Considerações finais
O filme coletivo Onze de Setembro, produzido pela França, lembra o primeiro aniversário dos ataques de 11 de setembro de 2001 contra as torres gêmeas do World Trade Center de Nova York. O projeto traz a visão independente de onze cineastas numa reflexão sobre esse acontecimento histórico que abalou o mundo nos últimos tempos. O curta escolhido é o da diretora iraniana Samira Makhmalbaf, que retrata uma cena escolar. Uma professora que resolver comentar com os alunos pequenos – entre 5 e 8 anos- os acontecimentos de 11 de setembro. Trata-se de um grupo de crianças afegãs moradoras de um campo de refugiados. O filme se  inicia com homens trabalhando num poço e crianças amassando barro com os pés e assentando tijolos.  As crianças conversam sobre um acidente com o pai de um amigo que caiu no poço e morreu. A professora chama para a escola. Com todos sentados inicia a conversa sobre se sabiam de um acontecimento muito importante que acontecera. As crianças falaram da morte do homem no poço, a professora responde que seria algo mais importante. Uma menina fala da tia que foi enterrada até o pescoço e que morreu apedrejada, a professora novamente responde que seria algo ainda mais importante. Um menino anuncia que teve uma chuva e morreu todo mundo, Ainda assim a professora diz que seria lago mais importante. A professora narra o acidente de 11 de setembro e  pergunta se as crianças sabiam o que era uma torre, um celular. As crianças não responderam deixando claro o desconhecimento. A professora pede um minuto de silencio para as vitimas. Duas crianças conversam sobre morte. Diante da conversa das crianças, desreitando o minuto de silêncio, a professora resolve ir para fora da sala para tentar o silêncio com as crianças, olhando para a torre da olaria. Um dos meninos pergunta o que fazer se ele tiver muita vontade de falar. A professora diz para ele morder o lábio. Assim termina o filme: o menino  mordendo o lábio.
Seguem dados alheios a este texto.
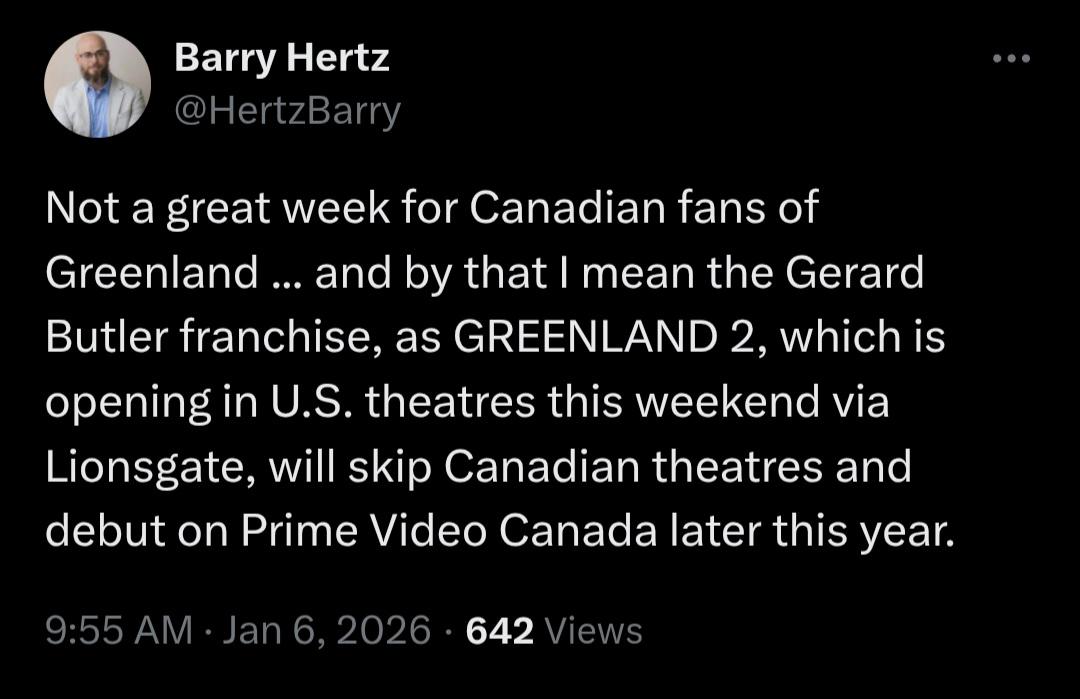 And the reason it’s not getting a theatrical release in Canada is because of Canadian politics involving Trump. Read more here.
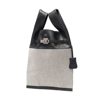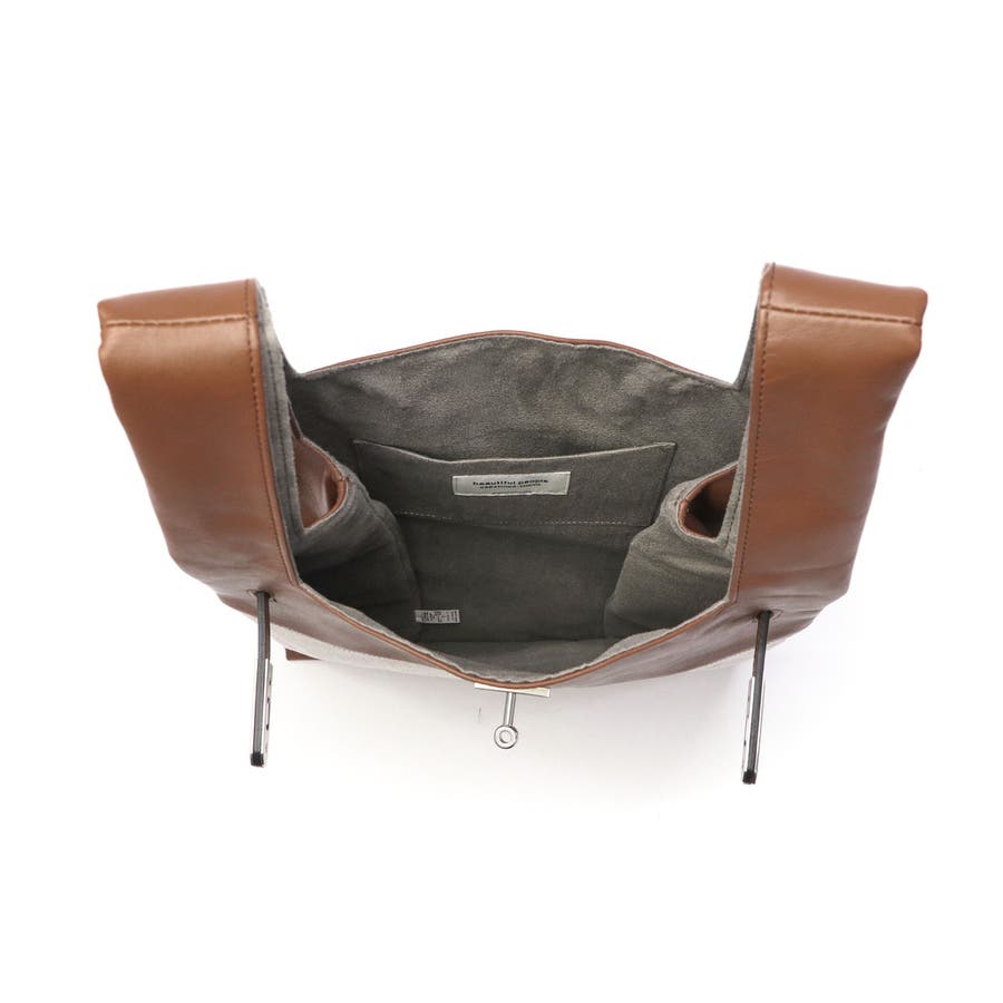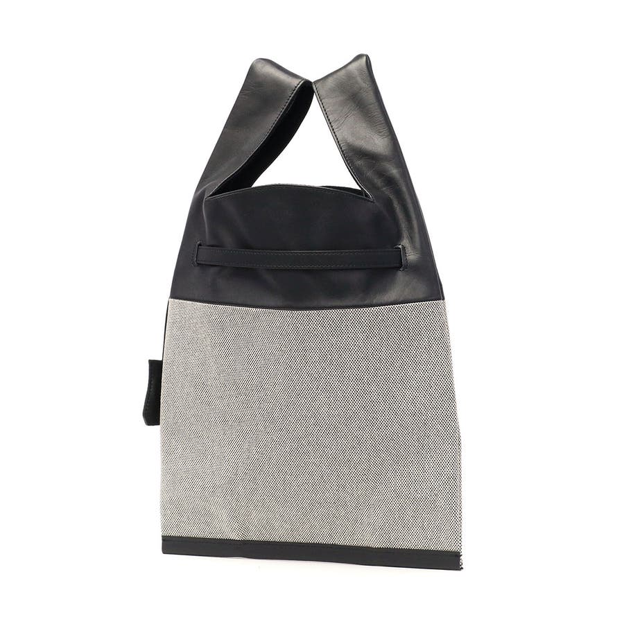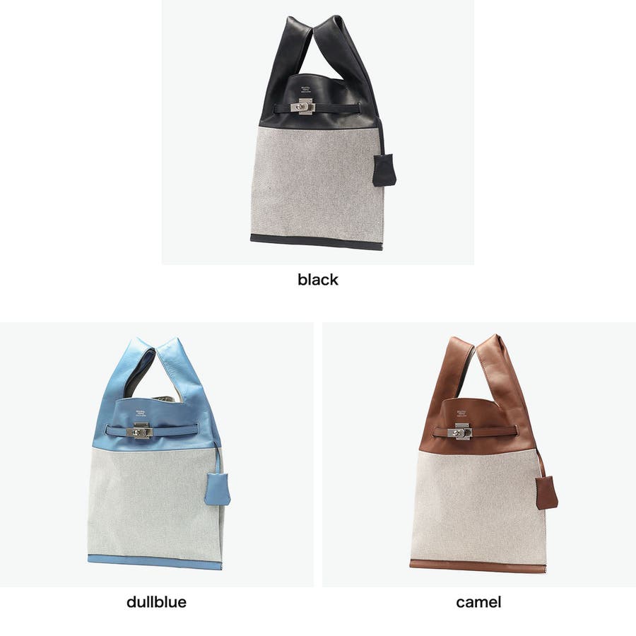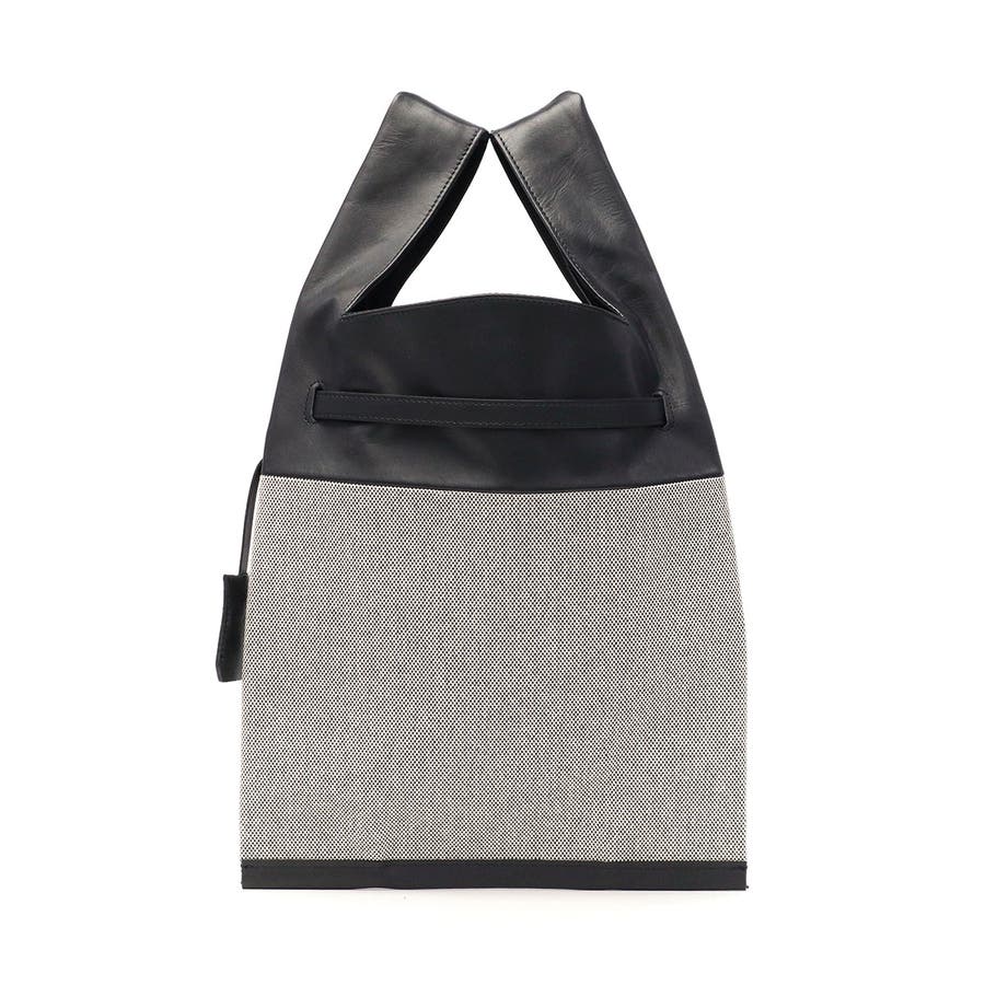 上質な牛革とカジュアルなコットンを組み合わせたトートバッグ。マーケットバッグと金具の組み合わせが特徴で、「高価」と「安価」、「理想」と「現実」など相反する要素を融合したデザインに仕上がっています。付属のチャームはキーリングとしても使用可能。裏地には手触りの良い起毛ポリエステルを採用し、使い心地も快適です。

O filme traz cenas prováveis. A ficção não está distante de muitas situações reais da escola.  Chama a atenção o envolvimento da professora com a noticia e o não olhar para as crianças, traduzido no minuto de silêncio que destituiu as crianças da possibilidade de discutir aquilo que pairava no campo: a morte. Seu ato responsável unidimensionalmente dirigido perdeu a possibilidade de réplica e com ela de trazer algo novo para o grupo de crianças. Sua resposta fechada, única, perdeu a potência transformadora da palavra. As crianças falam sobre a morte e o espaço dialógico se institui entre elas. A professora se reduz a afirmativas e consentimentos porque seu ato responsivo  não se enraizou na escuta. A resposta que não se sustenta na escuta, torna-se imposição e silenciamento. E como silenciar as crianças nem sempre é fácil, já que elas escapam e transgridem, evidencia-se na arena discursiva a atuação das forças centrifugas dos dissensos. Na tentativa de controle do que nem sempre é controlável, restou o discurso autoritário dar a ultima palavra e ao menino que ainda teria o que falar, morder o lábio para conter o irremediável impulso do dizer.  

Referências
BAKTHIN, Para uma filosofia do ato responsável. São Carlos, SP: Pedro e João Editores, 2010.
PONZIO. Augusto. Introdução: a concepção bakhtiniana de ato. In BAKTHIN, Para uma filosofia do ato responsável. São Carlos, SP: Pedro e João Editores, 2010, p.9-39.
PONZIO. Augusto.A revolução bakhtiniana. São Paulo: Contexto, 2008.